--- Collected data Enclosed Below ---
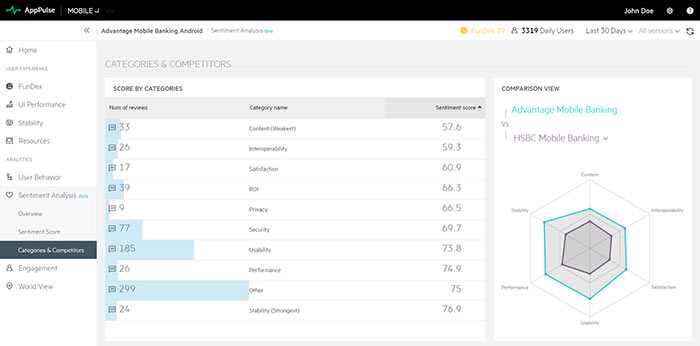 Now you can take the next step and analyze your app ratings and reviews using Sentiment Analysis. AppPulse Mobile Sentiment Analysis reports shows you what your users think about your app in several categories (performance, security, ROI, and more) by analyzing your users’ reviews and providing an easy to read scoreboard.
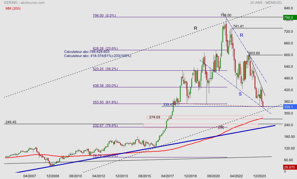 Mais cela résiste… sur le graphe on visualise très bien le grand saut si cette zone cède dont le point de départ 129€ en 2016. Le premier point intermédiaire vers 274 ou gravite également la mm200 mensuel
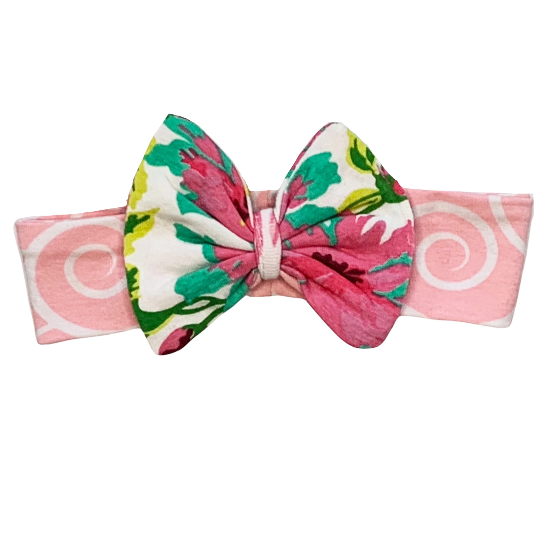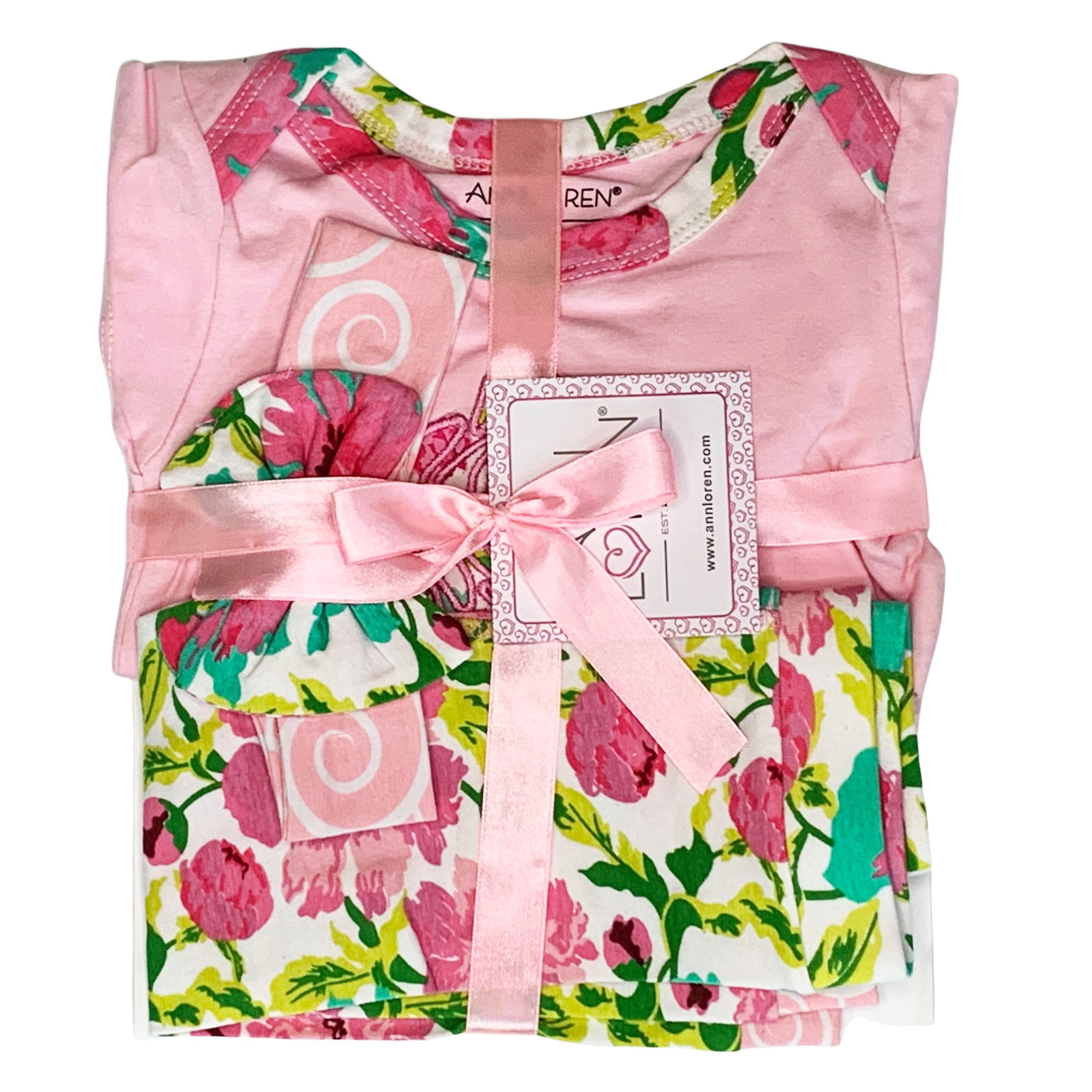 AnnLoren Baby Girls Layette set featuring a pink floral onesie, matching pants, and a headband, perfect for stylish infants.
--- End of Enclosed Collected data ---
--- Task statement ---
Transcribe the material as is, with images omitted.

--- Exercise response ---
 Now you can take the next step and analyze your app ratings and reviews using Sentiment Analysis. AppPulse Mobile Sentiment Analysis reports shows you what your users think about your app in several categories (performance, security, ROI, and more) by analyzing your users’ reviews and providing an easy to read scoreboard.
 Mais cela résiste… sur le graphe on visualise très bien le grand saut si cette zone cède dont le point de départ 129€ en 2016. Le premier point intermédiaire vers 274 ou gravite également la mm200 mensuel
 AnnLoren Baby Girls Layette set featuring a pink floral onesie, matching pants, and a headband, perfect for stylish infants.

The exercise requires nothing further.